El pueblo católico de la capital se dio cita la tarde de este sábado en las instalaciones de la catedral para ser partícipes de la bajada de la imagen de la Sangre de Cristo, actividad religiosa que cumple 376 años de tradición, por tal razón los creyentes de tan milagrosa imagen asisten año con año a dar gracias por los favores recibidos.

La bajada de la imagen de su santuario representa para los creyentes un momento de regocijo por ser la oportunidad en la que logran frotar sus pañuelos con la imagen, mismos que son conservados como un elemento bendito. El sonido de las campañas y el estallido de la pólvora se suman al encuentro entre la comunidad y la sagrada imagen.

“La Sangre de Cristo es muy milagrosa, fue gracias a ella que logré quedar embarazada y salir bien al momento del parto, hoy mi hija la he traído vestida de angelito porque es una bendición que mi señor Jesucristo me brindó, por eso me siento sumamente agradecida” manifestó Carla Mendoza.

“Son muchos años los que tengo de asistir a la bajada de la imagen porque esta es una tradición que me inculcó mi madre y que hoy se las transmito a mis hijos y nietos, porque Dios es la respuesta a los problemas y es quien nos acompaña en cada una de las acciones que realizamos” afirmó Antonio Silva.

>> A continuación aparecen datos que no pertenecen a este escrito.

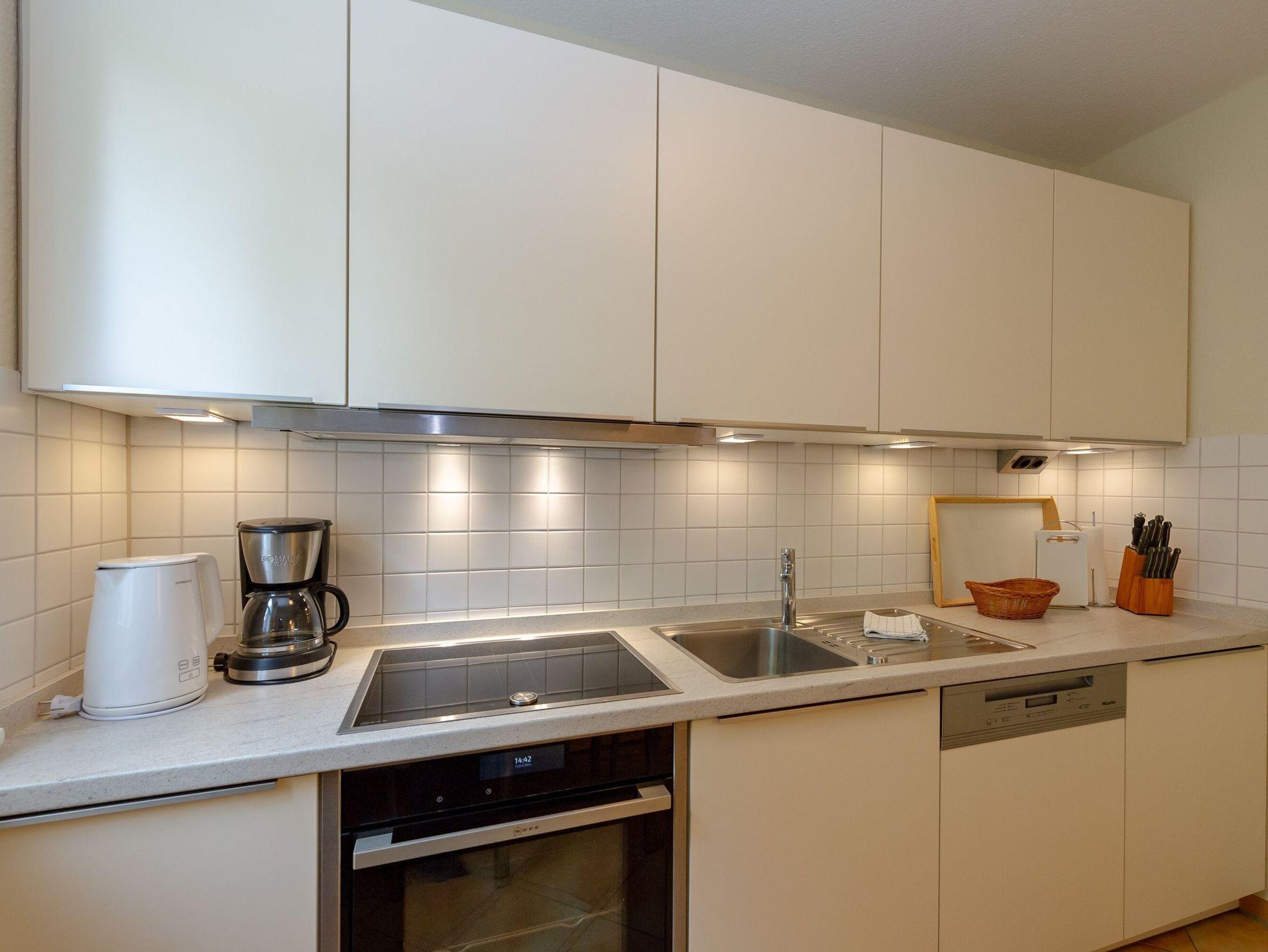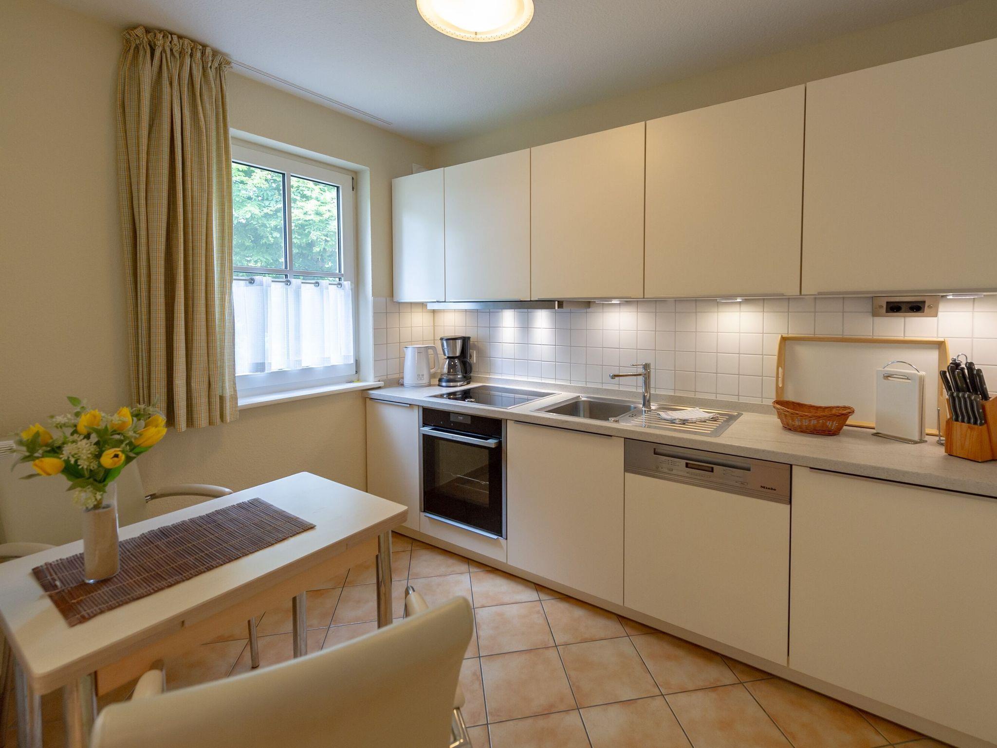 Das Wohnzimmer ist u.a. mit einem großen Flachbild-Fernseher, einer Stereoanlage mit CD-Player, einer Buchauswahl, einer ausklappbaren Schlafcouch für zwei Personen und einem zusätzlichen Schrankbett für eine Person möbliert. Die vom Wohnbereich optisch abgetrennte, sehr gut ausgestattete Küchenzeile enthält u.a. einen 4-Zonen-Ceranherd mit Backofen, eine Mikrowelle, einen Geschirrspüler sowie Kaffeemaschine, Wasserkocher und Toaster. Einen Bäcker für die frischen Frühstücksbrötchen und einen Supermarkt finden Sie direkt in Lauterbach.

“Ser devota de la Sangre de Cristo se debe a que recibí un milagro de sanación, los médicos me habían desahuciado por presentar problemas de pancreatitis y fue la Sangre de Cristo quien me sano y me ha devuelto las energías que tanto deseaba, ahora estoy comprometida a venir todos los años y ser parte de las celebraciones” expresó Azucena Díaz.

Durante el mensaje central el cual estuvo a cargo del párroco Héctor Treminio, se refirió la unidad y humildad de cada uno de los nicaragüenses, cualidades que deben ser puestas en prácticas en cada una de las acciones que realizan, siguiendo de esta manera el ejemplo de Jesucristo.

“La sangre preciosa de Cristo debe estar siempre con nosotros, debemos aprender de nuestro padre celestial, debemos dejar a un lado las rivalidades y las desigualdades, porque somos una iglesia en la que debemos caber todos, siempre estando al servicio de nuestros prójimos. No debemos olvidar la humildad y la mansedumbre porque es lo que Dios quiere de nosotros” manifestó el religioso.

Las festividades en honor a la Sangre de Cristo se extenderán hasta el próximo 8 de Julio, fecha en la que el pueblo católico realiza una procesión en compañía de la imagen, la que recorre algunas de las calles y avenidas de la capital.